:: Material for this exercise

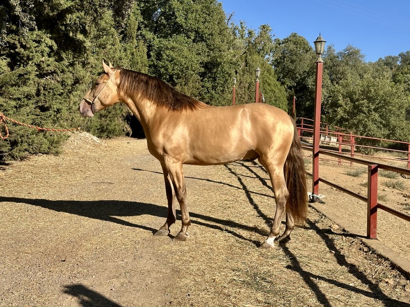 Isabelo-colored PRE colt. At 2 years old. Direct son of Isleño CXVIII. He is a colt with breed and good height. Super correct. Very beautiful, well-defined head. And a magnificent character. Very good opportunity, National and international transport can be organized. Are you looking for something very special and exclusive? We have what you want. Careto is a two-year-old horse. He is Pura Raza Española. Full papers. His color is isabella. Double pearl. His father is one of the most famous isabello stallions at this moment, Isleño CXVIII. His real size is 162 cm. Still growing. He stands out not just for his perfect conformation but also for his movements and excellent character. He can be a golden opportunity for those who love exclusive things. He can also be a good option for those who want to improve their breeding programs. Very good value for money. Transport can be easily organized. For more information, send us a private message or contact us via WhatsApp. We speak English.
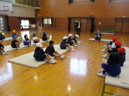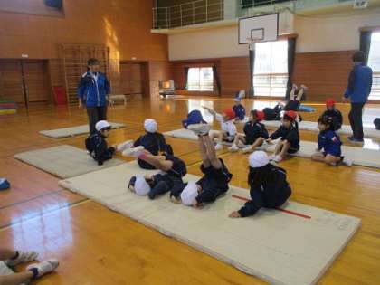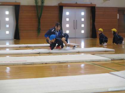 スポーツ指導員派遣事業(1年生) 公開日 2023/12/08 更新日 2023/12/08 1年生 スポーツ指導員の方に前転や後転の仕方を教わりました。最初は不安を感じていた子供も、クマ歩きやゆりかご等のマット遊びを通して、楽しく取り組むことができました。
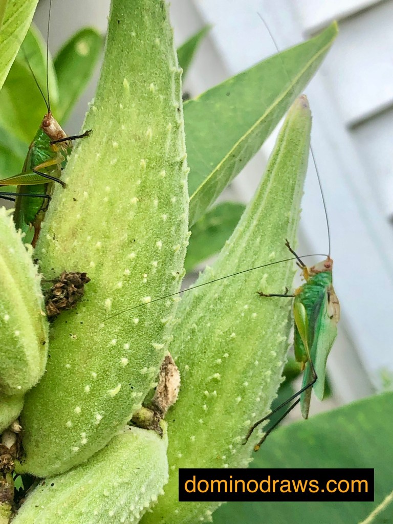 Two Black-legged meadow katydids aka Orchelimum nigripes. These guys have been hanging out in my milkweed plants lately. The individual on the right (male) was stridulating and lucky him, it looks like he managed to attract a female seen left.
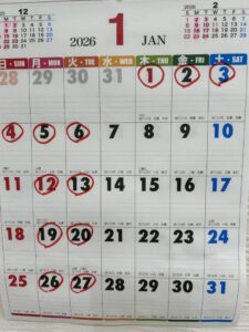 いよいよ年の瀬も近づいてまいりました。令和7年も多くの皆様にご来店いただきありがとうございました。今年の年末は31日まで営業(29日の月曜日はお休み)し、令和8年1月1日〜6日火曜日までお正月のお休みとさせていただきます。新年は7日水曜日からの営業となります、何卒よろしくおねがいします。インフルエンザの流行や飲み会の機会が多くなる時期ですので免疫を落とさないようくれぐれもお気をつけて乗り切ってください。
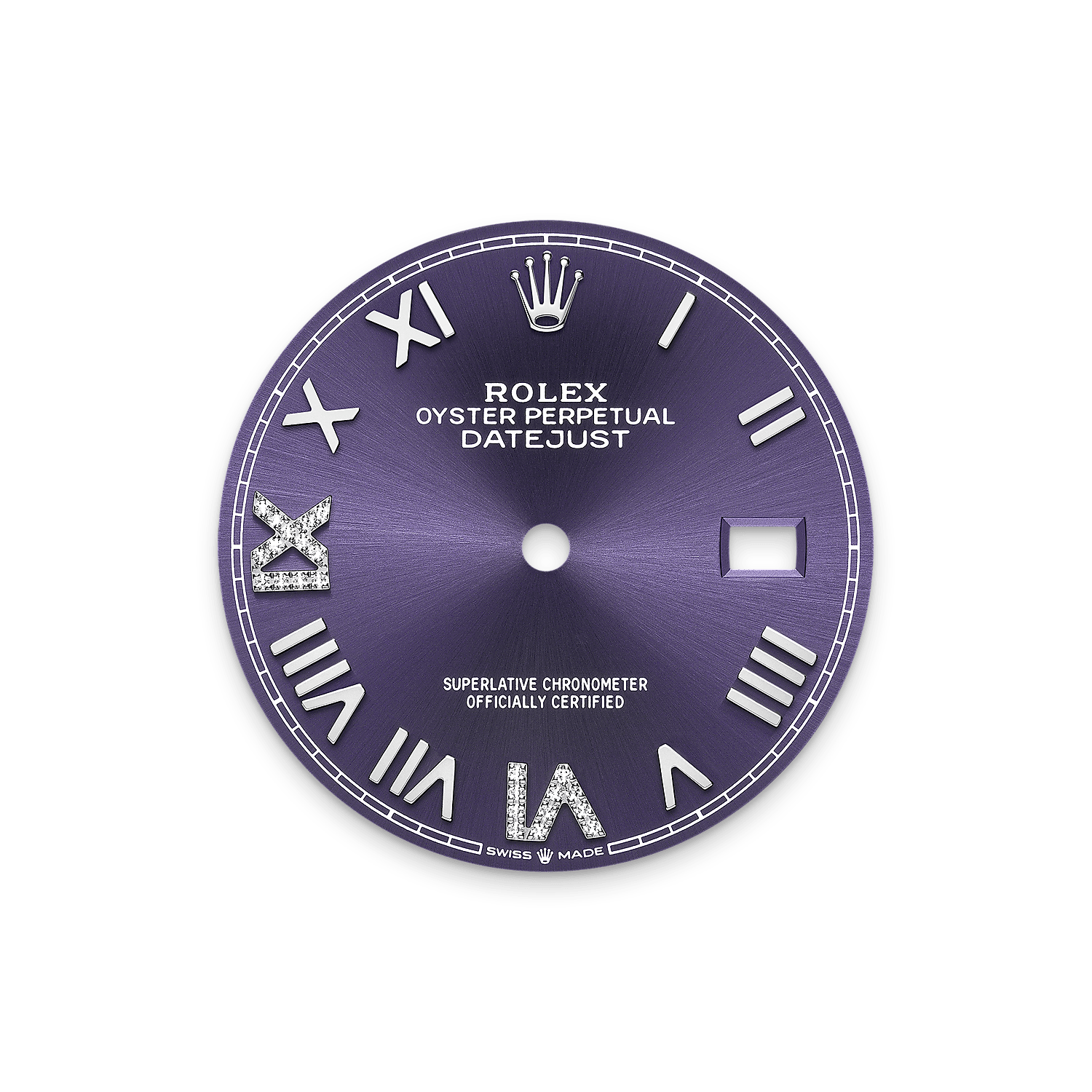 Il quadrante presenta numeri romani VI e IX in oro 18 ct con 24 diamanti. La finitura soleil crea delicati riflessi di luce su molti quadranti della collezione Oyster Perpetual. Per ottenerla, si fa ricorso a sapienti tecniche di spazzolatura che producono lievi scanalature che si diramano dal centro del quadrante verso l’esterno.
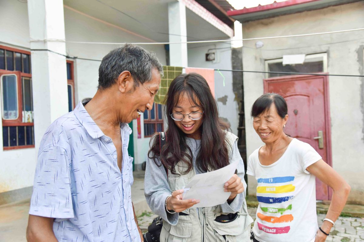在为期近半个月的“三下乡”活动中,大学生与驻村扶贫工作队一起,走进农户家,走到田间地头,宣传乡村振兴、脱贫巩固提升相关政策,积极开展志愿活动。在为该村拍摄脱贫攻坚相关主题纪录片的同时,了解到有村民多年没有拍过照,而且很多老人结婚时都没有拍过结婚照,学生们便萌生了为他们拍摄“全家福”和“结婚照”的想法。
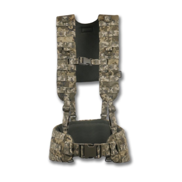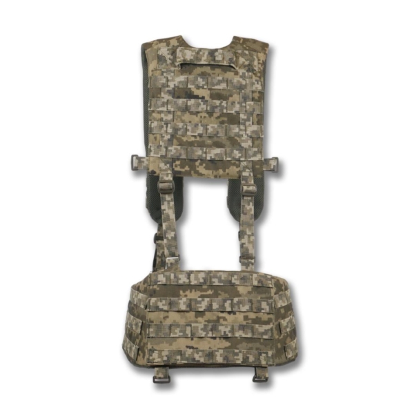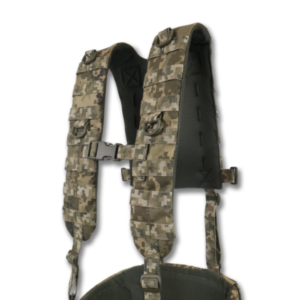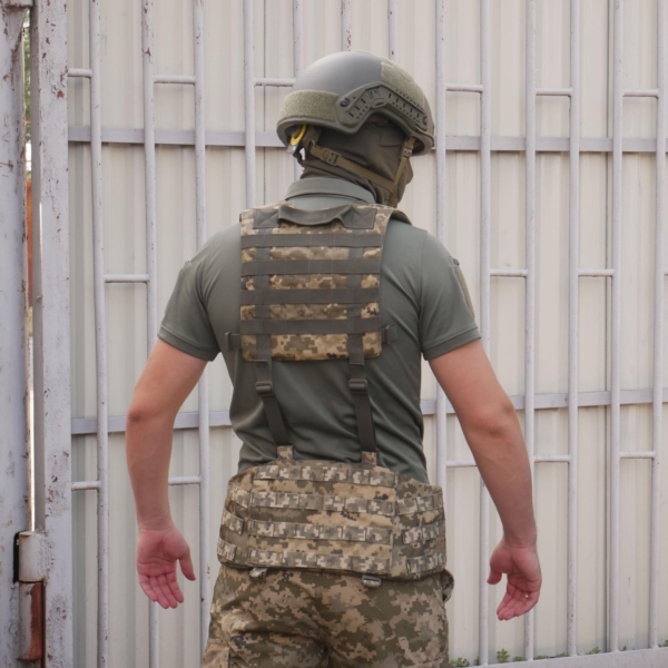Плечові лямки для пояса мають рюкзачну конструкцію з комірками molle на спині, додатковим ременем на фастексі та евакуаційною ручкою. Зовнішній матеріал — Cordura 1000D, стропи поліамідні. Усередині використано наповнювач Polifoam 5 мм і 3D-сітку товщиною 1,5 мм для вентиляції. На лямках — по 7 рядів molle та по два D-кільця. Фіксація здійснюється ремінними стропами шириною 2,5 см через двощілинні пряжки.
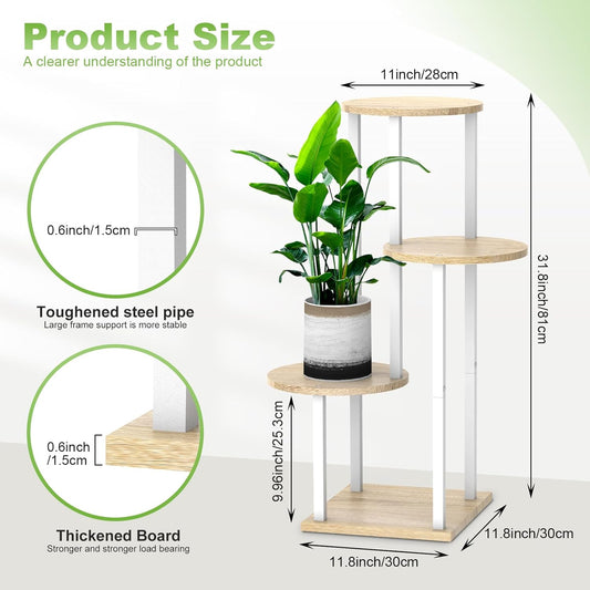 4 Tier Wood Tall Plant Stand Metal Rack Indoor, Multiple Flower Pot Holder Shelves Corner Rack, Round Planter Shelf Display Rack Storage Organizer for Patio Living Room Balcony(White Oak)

::::

## Aim of the task
When you reach the line that contains "Плечові лямки для" in the records above, copy it and every line after it exactly through the last one, leaving out the pictures.

## Response to the exercise
Плечові лямки для пояса мають рюкзачну конструкцію з комірками molle на спині, додатковим ременем на фастексі та евакуаційною ручкою. Зовнішній матеріал — Cordura 1000D, стропи поліамідні. Усередині використано наповнювач Polifoam 5 мм і 3D-сітку товщиною 1,5 мм для вентиляції. На лямках — по 7 рядів molle та по два D-кільця. Фіксація здійснюється ремінними стропами шириною 2,5 см через двощілинні пряжки.
 4 Tier Wood Tall Plant Stand Metal Rack Indoor, Multiple Flower Pot Holder Shelves Corner Rack, Round Planter Shelf Display Rack Storage Organizer for Patio Living Room Balcony(White Oak)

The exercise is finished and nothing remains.